浅述Hbase的设计与实现

1. 议程与目的
- 1.1. 分享目的
2. Hbase 的演进
3. hbase 的设计

1. 议程与目的

1.1. 分享目的

以系统的视角，推测 hbase 的设计决策
全局对 hbase 的特性有一定的了解
不深入具体特性的实现

2. Hbase 的演进

2.1. BigTable

Bigtable, a distributed system for storing structured data at Google. Bigtable clusters have been in production use since April 2005, and we spent roughly seven person-years on design and implementation before that date.
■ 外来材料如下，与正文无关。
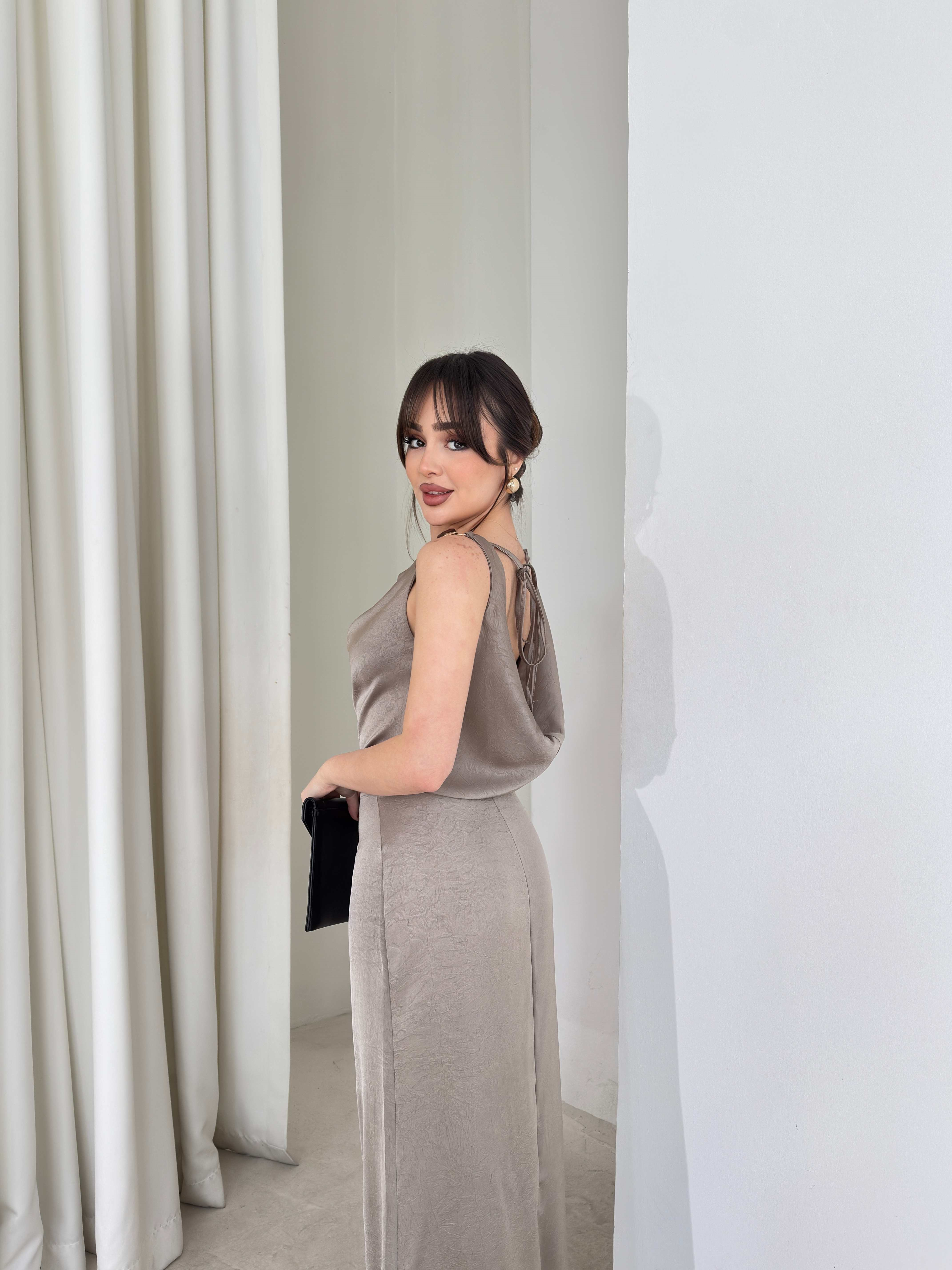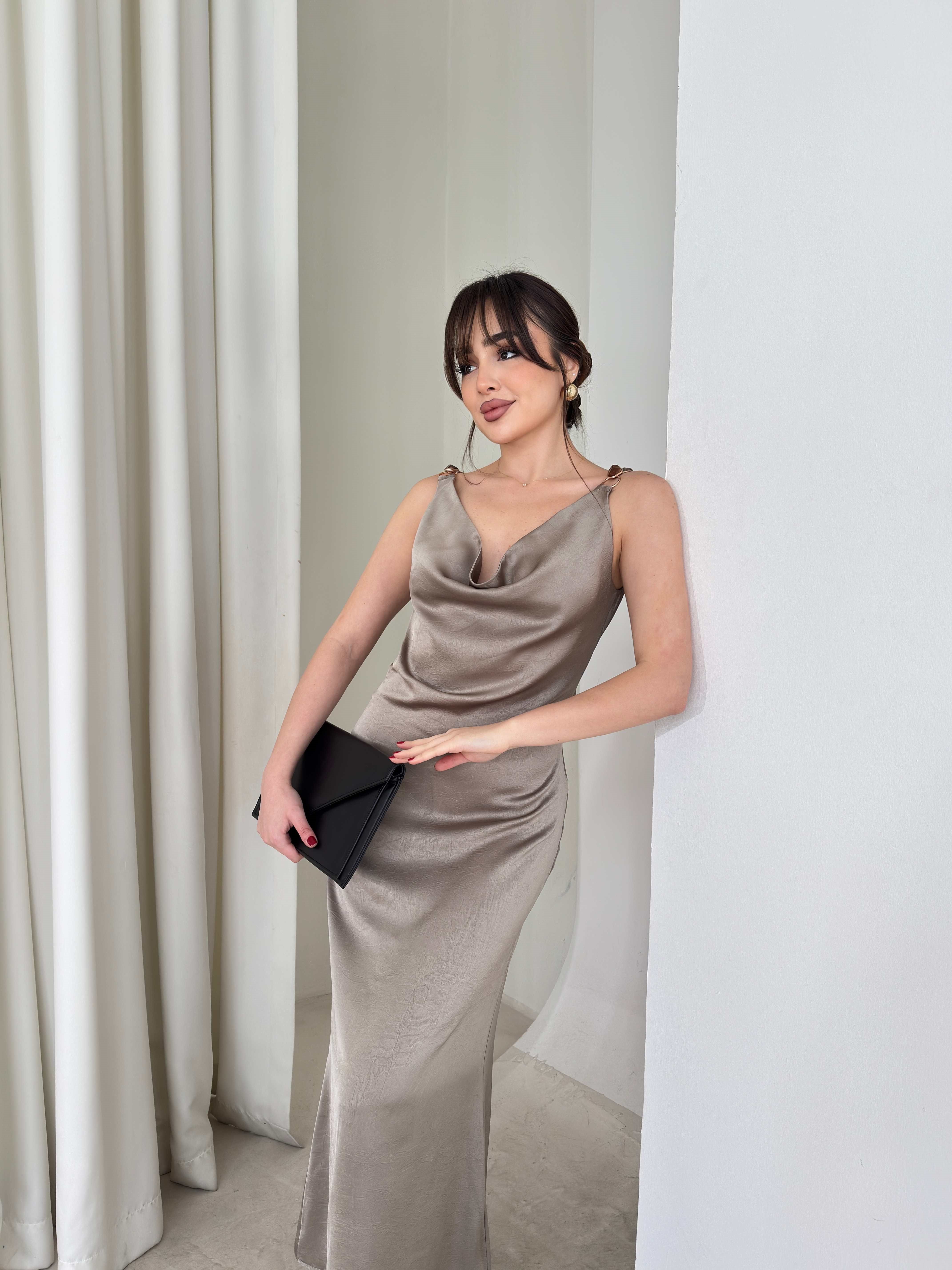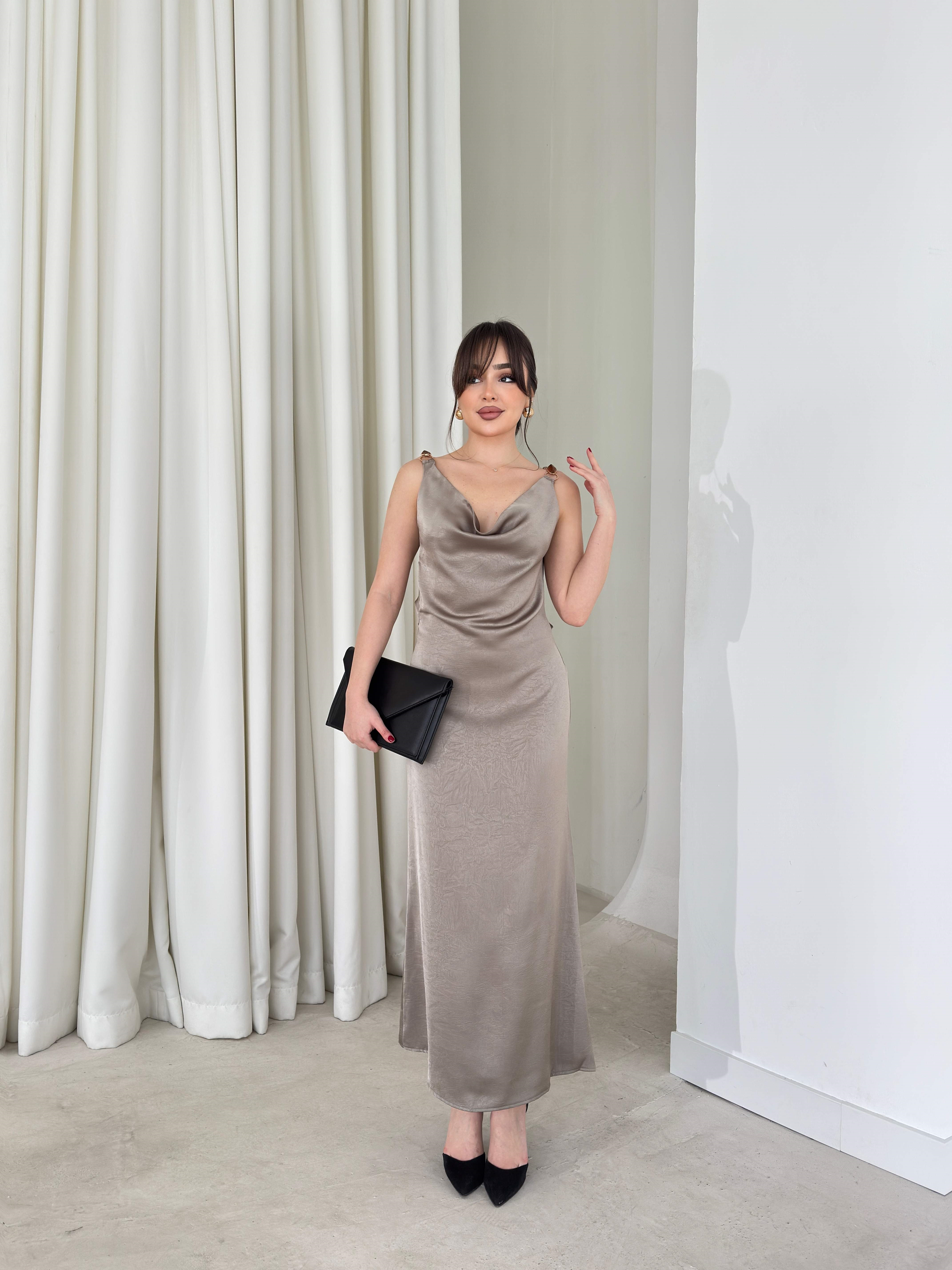 Aksesuar Detaylı Sırtı İp Ve Degaje Detaylı Haki Midi Fabiola Kadın Elbise 26Y135 (26Y135)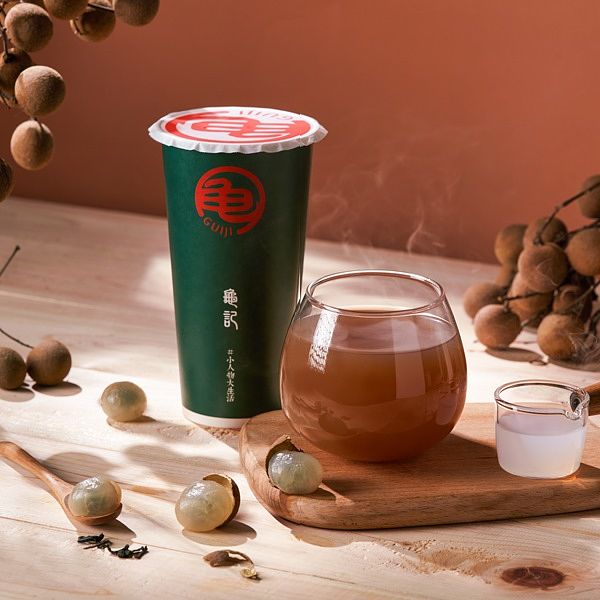 2022年除了7月份初夏時推出的限量「玉荷包茶王」外,緊接著9月再推出一款嚴選龍眼,它雖有著樸實老派的咖啡色帶粉殼的外表,剝開後,內含半透明圓滾滾果肉,咬下後是香氣Q彈的口感,讓整個口腔充滿龍眼的清甜香氣,龜記首創第一間使用特殊工法將嚴選過的新鮮龍眼榨成汁,再搭配茶香甘醇、芬芳幽雅、入喉回甘極佳的紅水烏龍,一起調合出全台獨家的「龍眼紅烏」。

Our users like the performance and high availability provided by the Bigtable implementation, and that they can scale the capacity of their clusters by simply adding more machines to the system as their resource demands change over time.

2.2. 为什么需要

可自动伸缩的，分布式的，简易版本的 mysql

类比于文件系统与数据库
- 提供快速的记录检索能力
- (小)记录级别的索引对于文件系统压力过大, 不符合块存储的读写设计
类比于文件系统(ext3, ext4…)与 hdfs
- 数据量大, 单机无法存储/处理(或成本过高)
- 机器多, 易故障
强一致性

2.3. 主要的门槛

性能, 横向扩展能力

大数据量下的快速的记录级别检索能力
大数据量下的持续的读写性能(写多读少)
故障转移与恢复

3. hbase 的设计

3.1. 索引与检索 I

基于排序
- B+ tree (mysql)
  1. 可靠性保证, 读写直接发生在文件系统
  2. 读写均保持较高的性能
    1. 检索读的 io 次数 (多叉，降低树高度)
    2. 扫描读的 RangeQuery (叶子节点的链表结构)
    3. 随机写入, 依赖磁盘的 iops
- LSM tree (hbase)
  1. 更高效的写入 (delayed batch write)
  2. 略低效的读取 (multi tree merge)

3.2. 索引与检索 II

基于 Hash
- Hash
  - 范围/排序的读性能差
  - O(1) 的读写

3.3. 索引与检索 III

物理存储
- HRegion 1 - * HStore (ColumnFamily)
- HStore 1 - * HFile
- HStore 1 - 1 MemStore
- HFile = IndexBlock + DataBlock
- get in HFile = binary search IndexBlock + traverse DataBlock
- get in MemStore = get in ConcurrentSkipListMap

3.4. 大数据(partition/sharding) I

row <-> node
- 路由信息太大
hash partition (cassandra)
- 故障情况下的迁移/恢复
  - 会产生 rehash / hash <-> node 关系的变化
- 扩容缩容
  - 类似故障情况
- 一致性 hash
  - 需维护逻辑上的桶和物理上的 server 的映射关系
  - 算法决定¹/mapping 信息决定(存储)
    - mapping: node <-> virtual node
    - 本质上也是 range-partition
- 对区间扫描支持差

3.5. 大数据(partition/sharding) II

range partition
- 路由信息较小, partition(range) <-> nodes
- 对区间扫描支持较好

3.6. 强一致性

single writer
- 简单
multiple writer
- 参考 zk, paxos/raft, etcd

3.7. 故障转移

range 为管理的逻辑单元/存储的物理单元
物理存储利用 hdfs 的高可用
仅需移动管理单元
- wal log
- replay memstore change
  - 定期 flush memstore, 控制故障恢复时间

3.8. 横向扩容/自动伸缩/load balancing

split, 增加逻辑管理单元(Region)
move, 将 Region 移动至新增服务器

3.9. compact

LSM Tree
- 分级存储, memory as buffer to delay flush to disk
- 每个文件为有序存储, 读需要做多路查找合并
- 为提高读性能, 需要 compact
compact 的两种思路
- flush 时, 直接读已刷写的磁盘文件，归并排序成一个大文件
  - 写放大
- flush 后, 基于文件决定如何合并
  - 可控一些的写放大

3.10. row level acid I

write write synchronization
- single writer (JVM/RS)
- rowlock

3.11. row level acid II

read write synchronization
- single writer (JVM/RS)
- read-your-own-writes consistency²
- mvcc/rowlock
  - mvcc
    - read point = largest write point where all early point commits
    - reader get current read point, ignore all writes after
    - writer commits when done write
    - writer only finish when all early writer commits
      - read point >= this write number
      - ensure next read will read this write
  - rowlock: reader and writer compete for rowlock

Footnotes:

也需要同步比如节点数，序号等信息，或者基于约定提前分配

读到自己的写; 不读到未提交的写; 读数据的一致性